Problem requirements — Go to the line holding "На фото в черном" in the data below and repeat it exactly, then each line after it up to and including the one holding "incised ويعني ان". Omit pictures.

Task material —
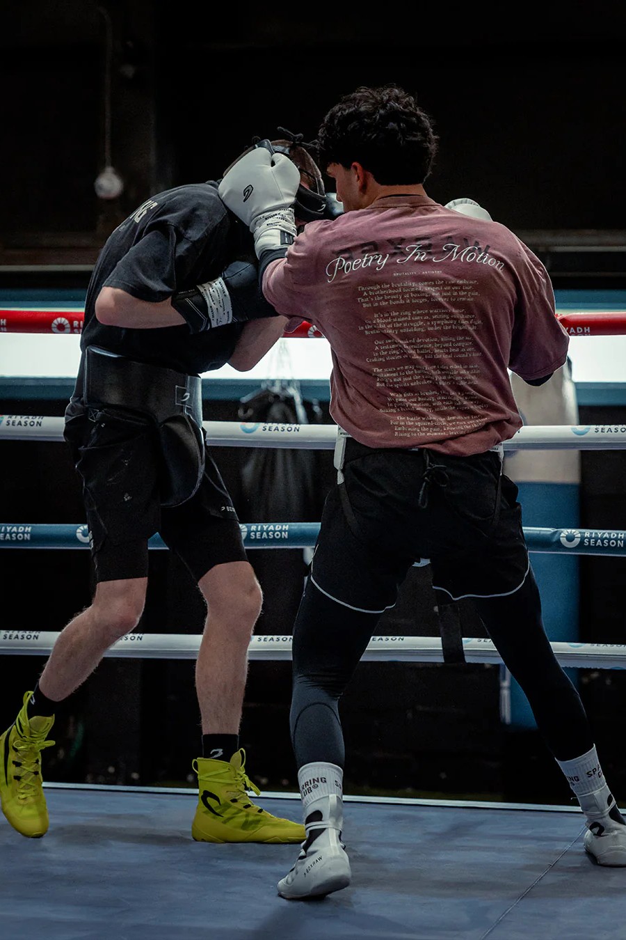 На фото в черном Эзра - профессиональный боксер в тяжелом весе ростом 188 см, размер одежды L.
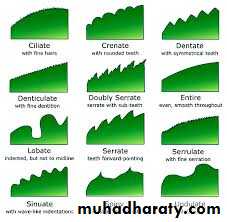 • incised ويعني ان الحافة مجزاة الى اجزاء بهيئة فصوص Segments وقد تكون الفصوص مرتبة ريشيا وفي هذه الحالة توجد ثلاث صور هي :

==

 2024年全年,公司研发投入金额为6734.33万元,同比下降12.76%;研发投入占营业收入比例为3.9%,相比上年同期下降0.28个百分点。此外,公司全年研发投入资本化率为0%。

Task result —
 На фото в черном Эзра - профессиональный боксер в тяжелом весе ростом 188 см, размер одежды L.
 • incised ويعني ان الحافة مجزاة الى اجزاء بهيئة فصوص Segments وقد تكون الفصوص مرتبة ريشيا وفي هذه الحالة توجد ثلاث صور هي :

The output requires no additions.